Pro-Tip: Record a live stream and then reuse the content for other purposes.

A software developer can build an application to create all these assets with a customized workflow to achieve these outcomes efficiently using Dolby.io APIs.

✓ Use the Communications SDKs to host an interactive session with the host and guests
✓ Use a Custom Mixer Layout for views in a style similar to Open Broadcast Studio (OBS)
✓ Broadcast the session with RTMP to various live streaming platforms
✓ Use the Recording API to store and retrieve a copy

You can find details on these first few steps from other posts such as Set up Live Stream to Twitch, Creating Custom Layout for Streaming, Deliver Video Conference Recordings with Webhooks, and many more.

Once you have a recording from the interactive session, the Media APIs become powerful tools for the post-production workflow.

✓ Use the Transcode API to extract audio-only media
✓ Use the Enhance API to improve the audio quality
✓ Use the Transcode API to create streaming formats

Let’s look more closely at this first example.

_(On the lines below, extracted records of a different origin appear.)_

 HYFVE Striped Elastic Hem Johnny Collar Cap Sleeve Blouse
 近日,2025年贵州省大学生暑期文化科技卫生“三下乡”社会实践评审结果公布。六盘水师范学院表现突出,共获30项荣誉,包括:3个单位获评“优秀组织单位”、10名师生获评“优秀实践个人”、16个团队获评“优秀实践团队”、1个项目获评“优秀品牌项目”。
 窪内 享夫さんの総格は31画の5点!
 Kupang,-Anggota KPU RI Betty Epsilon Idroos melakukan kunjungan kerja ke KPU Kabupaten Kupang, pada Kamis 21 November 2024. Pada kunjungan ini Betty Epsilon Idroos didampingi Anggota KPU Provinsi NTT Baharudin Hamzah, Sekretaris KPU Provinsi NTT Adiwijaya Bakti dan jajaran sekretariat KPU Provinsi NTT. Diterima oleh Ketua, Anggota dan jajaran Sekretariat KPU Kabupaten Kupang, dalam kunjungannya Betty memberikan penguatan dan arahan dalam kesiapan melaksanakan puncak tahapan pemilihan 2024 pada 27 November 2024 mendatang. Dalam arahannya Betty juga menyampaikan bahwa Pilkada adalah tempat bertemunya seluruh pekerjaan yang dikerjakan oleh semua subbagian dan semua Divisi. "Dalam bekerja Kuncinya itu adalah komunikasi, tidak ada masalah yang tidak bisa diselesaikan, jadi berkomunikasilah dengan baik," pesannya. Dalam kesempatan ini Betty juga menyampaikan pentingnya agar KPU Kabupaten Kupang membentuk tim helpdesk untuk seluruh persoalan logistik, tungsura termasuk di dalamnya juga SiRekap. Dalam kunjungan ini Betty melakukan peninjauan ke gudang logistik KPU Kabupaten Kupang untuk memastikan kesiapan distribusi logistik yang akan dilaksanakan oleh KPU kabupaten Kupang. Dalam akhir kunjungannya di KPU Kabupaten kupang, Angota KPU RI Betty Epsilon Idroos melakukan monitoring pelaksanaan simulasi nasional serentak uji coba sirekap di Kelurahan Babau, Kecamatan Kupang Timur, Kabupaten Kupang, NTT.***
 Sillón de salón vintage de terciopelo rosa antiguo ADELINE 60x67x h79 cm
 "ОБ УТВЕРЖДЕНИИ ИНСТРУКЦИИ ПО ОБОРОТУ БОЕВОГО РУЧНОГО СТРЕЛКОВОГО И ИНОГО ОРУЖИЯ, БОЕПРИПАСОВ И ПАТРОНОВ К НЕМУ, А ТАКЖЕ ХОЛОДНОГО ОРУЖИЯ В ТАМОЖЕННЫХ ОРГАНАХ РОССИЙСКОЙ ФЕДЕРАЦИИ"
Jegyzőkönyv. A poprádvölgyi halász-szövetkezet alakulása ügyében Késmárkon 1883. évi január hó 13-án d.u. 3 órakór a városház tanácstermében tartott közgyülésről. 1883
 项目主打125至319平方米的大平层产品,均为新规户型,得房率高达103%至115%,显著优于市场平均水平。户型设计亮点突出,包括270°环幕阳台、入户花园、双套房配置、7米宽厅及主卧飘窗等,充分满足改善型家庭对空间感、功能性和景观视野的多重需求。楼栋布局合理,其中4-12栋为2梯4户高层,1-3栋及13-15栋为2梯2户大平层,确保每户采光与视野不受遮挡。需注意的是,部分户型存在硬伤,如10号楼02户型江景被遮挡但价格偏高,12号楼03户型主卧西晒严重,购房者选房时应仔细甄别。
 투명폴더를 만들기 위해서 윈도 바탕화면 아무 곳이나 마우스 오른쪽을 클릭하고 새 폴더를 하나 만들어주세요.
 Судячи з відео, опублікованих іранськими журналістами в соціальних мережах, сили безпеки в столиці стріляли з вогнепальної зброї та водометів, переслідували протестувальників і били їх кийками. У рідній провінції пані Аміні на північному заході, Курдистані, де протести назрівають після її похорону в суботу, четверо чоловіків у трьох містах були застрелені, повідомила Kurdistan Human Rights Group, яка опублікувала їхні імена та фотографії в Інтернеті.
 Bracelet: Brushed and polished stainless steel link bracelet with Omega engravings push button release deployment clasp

How-to Create an Audio-Only Podcast from a Video Recording

Depending on the tools you use to capture a video and stream may constrain the type of file format you created. For instance, if you recorded a session with the Communications SDK you would have an MP4 using the H.264 codec with a 1080p (1920 x 1080) at 30fps resolution. If you are using QuickTime or another tool you may end up with a MOV using the H.265 / HEVC codec. The Transcode API helps you produce the variations you need from any supported format you use as an input regardless of what format you started with.

Let’s look at an example of extracting only the audio stream from such a video file. Using the Spotify Podcast Delivery Specification as an example:

We recommend either high bitrate (128kbps+) MP3 (only MP3 is supported for passthrough) or MP4 with AAC-LC. A maximum duration of 12 hours (roughly 2GB @ 320 Kbps) is recommended/supported.

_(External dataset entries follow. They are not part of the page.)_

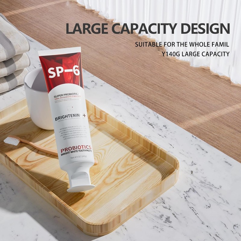 SP-6 Probiotic Whitening Toothpaste, Sp-6 Ultra Whitening Too thpaste, Enhanced Formula with 6 Probiotics, Fluoride-Free, Minty Fresh Flavor, 4.9 oz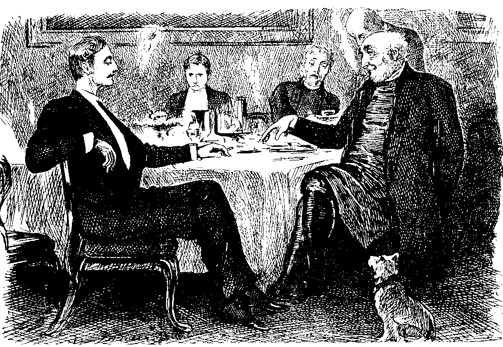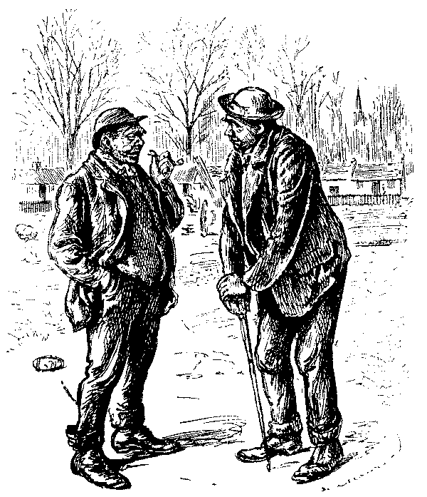 Mr. Gladstone was now employing his leisure by felling trees at Hawarden, and the contrast lent point to one of Tenniel's happiest cartoons—that of "The Earl and the Woodman"; Disraeli, in his earl's robes and coronet, contemplates Gladstone arrayed à la Watteau, and observes with emotion: "How happy is this blithe peasant, whilst I, alas!—" (Dissembles.) Punch, however, was becoming more sceptical of the genuineness of Gladstone's desire for retirement, and in a parody of "You are old, Father William," scouts the notion of his prematurely posing as a Nestor.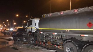 รถบรรทุกน้ำมันหลับในพุ่งชนรถจอดข้างทาง ยับ 8 คันรวด

Spotify Podcast Delivery Specification v1.9

Working with REST APIs

The Dolby.io Media APIs are fundamentally REST endpoints that take a JSON body payload. We’ll focus on how to construct the elements of a request rather than the mechanics of how to interface from your preferred programming language (Python, JavaScript, Java, Golang, etc.) and environment.

(1) Define Your Storage

The Transcode API is frequently used to generate multiple output files. To avoid needing to specify your storage credentials multiple times, you define each location as a storage list. Each storage object has a unique id that can be used to correlate any listed inputs or outputs. For example, you could write the audio output into a different output folder from other variations you may want to create.

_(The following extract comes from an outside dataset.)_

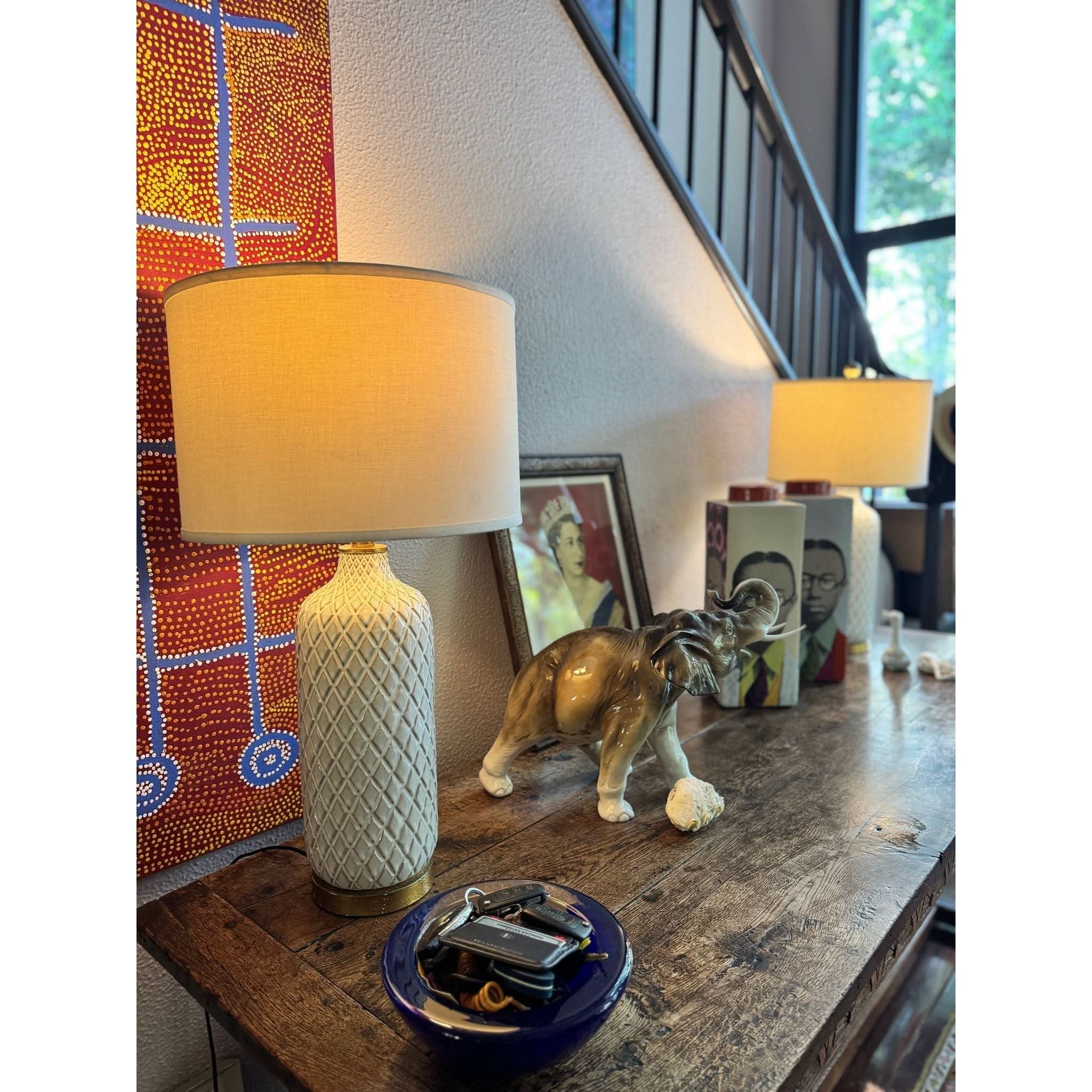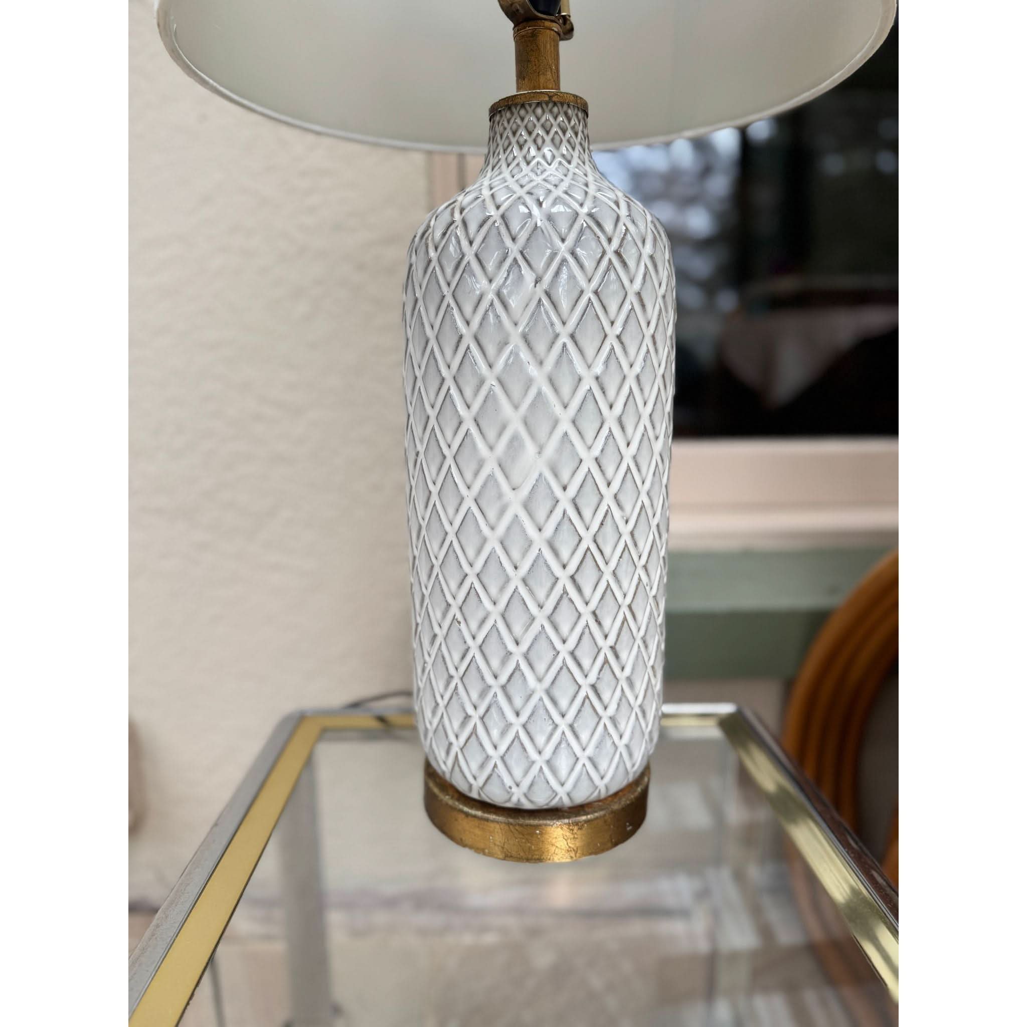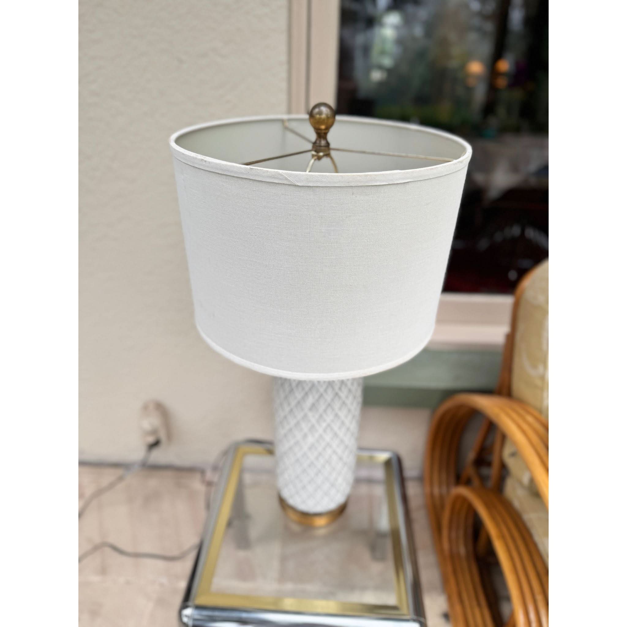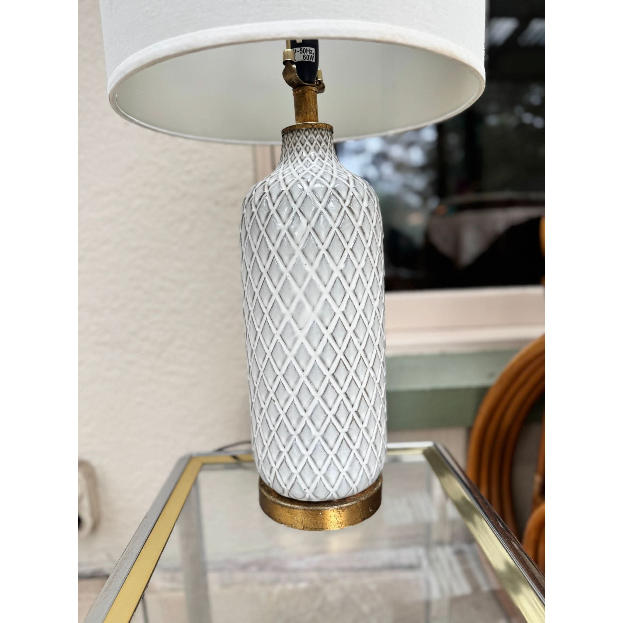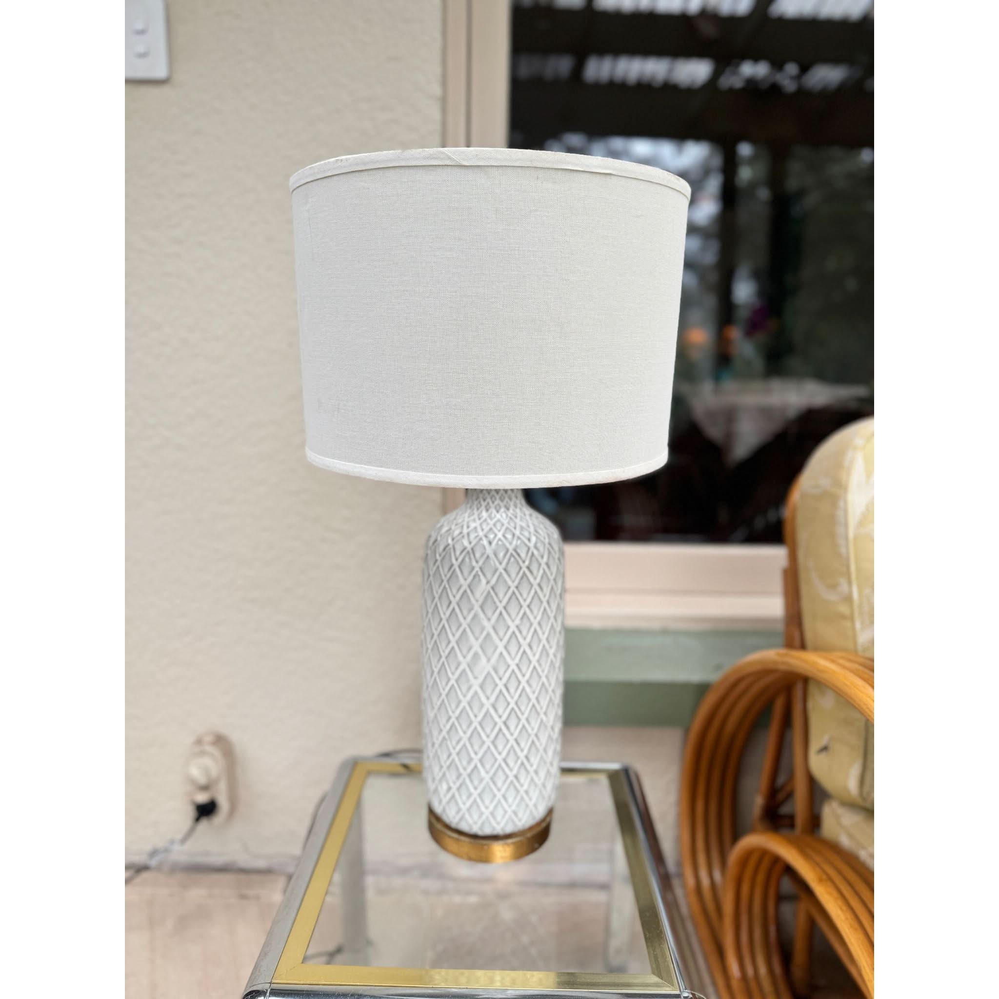 Made from ceramic with a white glaze we have a pair of these lamps in stock with matching drum shades, gold timber bases and brass fittings.

You can do this with your preferred cloud storage provider such as Microsoft Azure or Google Cloud. In this example, I’ll use AWS S3, but see the How-to Transcode with Your Own Cloud Storage guide which explains some of these alternatives.

I’m using a bucket I created called dolbyio. The id can be anything I want it to be, in this case I matched the name of the bucket itself. The url is smart and recognizes the s3:// pattern. Finally for auth, I’m using an IAM user with permissions set to read and write to this bucket.

"storage": [
    {
        "id": "dolbyio-storage-id",
        "bucket": {
            "url": "s3://dolbyio/tests/transcode/",
            "auth": {
                "key": "...",
                "secret": "..."
            }
        }
    }
]

Note how the url contains the folder path as well so you may need more than one storage location depending on how you want separate data.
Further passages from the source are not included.